HESI LPN
PN Exit Exam 2023 Quizlet
1. An older client is admitted to the psychiatric unit for assessment of a recent onset of dementia. The PN notes that in the evening this client often becomes restless, confused, and agitated. Which intervention is most important for the PN to implement?
- A. Ask family members to remain with the client in the evenings from 5 to 8 pm
- B. Administer a prescribed PRN benzodiazepine at the onset of a confused state
- C. Ensure that the client is assigned to a room close to the nurses' station
- D. Postpone administration of nighttime medications until after 11 pm
Correct answer: C
Rationale: Sundowning, a phenomenon where dementia symptoms worsen in the evening, can be managed by ensuring the client is close to the nurses' station for frequent monitoring and quick intervention, if necessary. This reduces the risk of harm and helps manage agitation. Asking family members to remain with the client may not always be feasible and does not address the need for close monitoring. Administering benzodiazepines should not be the first-line intervention for sundowning as it can increase the risk of falls and other adverse effects. Postponing medication administration may disrupt the client's routine and potentially worsen symptoms.
2. A nurse is assisting in the admission of a young adult female Korean exchange student with acute abdominal pain. When asked about her sexual activity, she looks away. What should the nurse do?

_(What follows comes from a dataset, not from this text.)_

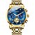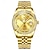 שעון זהב יוקרתי לגברים, שעון יד קוורץ עסקי אופנתי עם צמיד נירוסטה, לוח שנה לתאריכים, עמיד למים, שעון גברי קלאסי אלגנטי מתנה לאב ובעלה

- A. Omit this question from the assessment form
- B. Ask her if she would like an interpreter present to assist with communication
- C. Reword the question to ensure the client's understanding
- D. Watch the client's response when asked a different question
Correct answer: D
Rationale: Observing the client's response to a different question can help gauge her comfort level and understanding, which is essential in culturally sensitive care. By watching her response to a different question, the nurse can assess if the discomfort is related to the specific question or a broader issue. Omitting the question may result in missing crucial information. Asking about an interpreter assumes that the language barrier is the only issue, which may not be the case. Rewording the question may not address the underlying discomfort and could still lead to misinterpretation.
3. A client post-mastectomy is concerned about the risk of lymphedema. What should the nurse include in the discharge instructions to minimize this risk?

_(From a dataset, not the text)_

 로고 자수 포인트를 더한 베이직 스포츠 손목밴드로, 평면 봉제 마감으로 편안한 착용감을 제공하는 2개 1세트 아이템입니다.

- A. Wear compression garments on the affected arm.
- B. Avoid venipunctures and blood pressure measurements on the affected arm.
- C. Perform vigorous exercises to strengthen the affected arm.

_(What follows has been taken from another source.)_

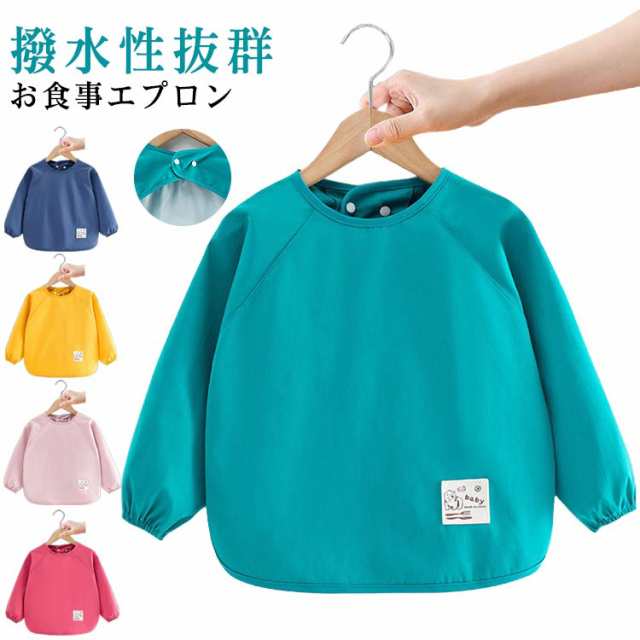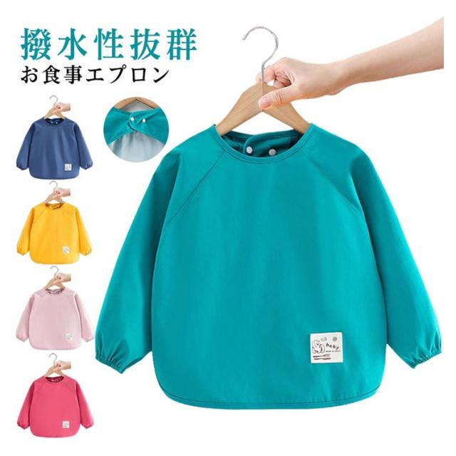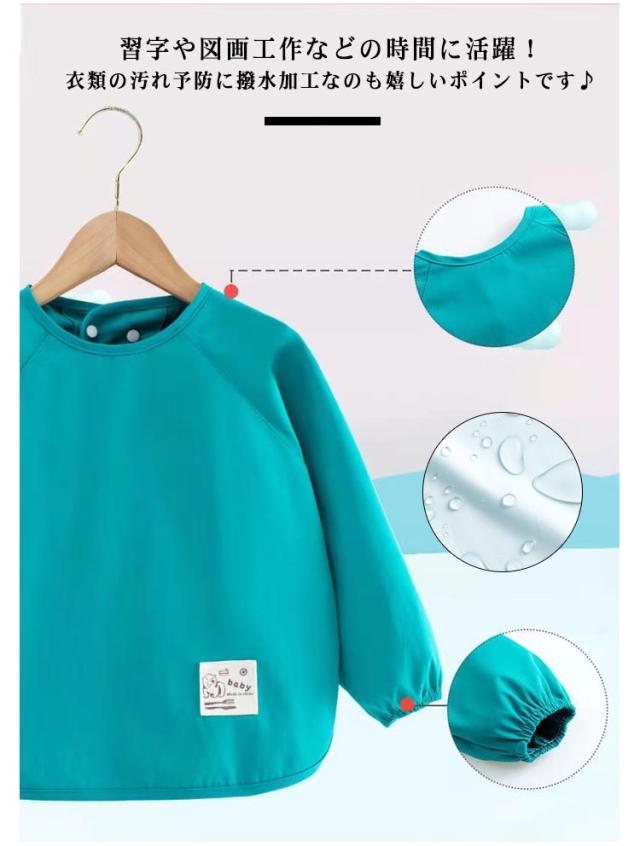 お食事エプロン 長袖 保育園 防水 離乳食エプロン お食事エプロン ロング 幼稚園 離乳食 女の子 スモック 男の子 赤ちゃん 長袖スモック 子供服 キッズ 子ども 食べこぼし防止 ロングタイプ ベビーエプロン プルオーバー お絵描き 90 100 110

- D. Keep the affected arm elevated at all times.
Correct answer: B
Rationale: To minimize the risk of lymphedema after a mastectomy, it is essential to instruct the client to avoid venipunctures and blood pressure measurements on the affected arm. These procedures can lead to trauma or impede lymphatic flow, increasing the risk of lymphedema. Wearing compression garments helps manage lymphedema but is not preventive. Performing vigorous exercises can strain the affected arm and increase the risk of lymphedema. Keeping the affected arm elevated at all times is unnecessary and not an effective preventive measure against lymphedema.
4. After admission, which observation is most important for the nurse to report immediately for an adult client who weighs 150 pounds and has partial-thickness and full-thickness burns over 40% of the body from a house fire?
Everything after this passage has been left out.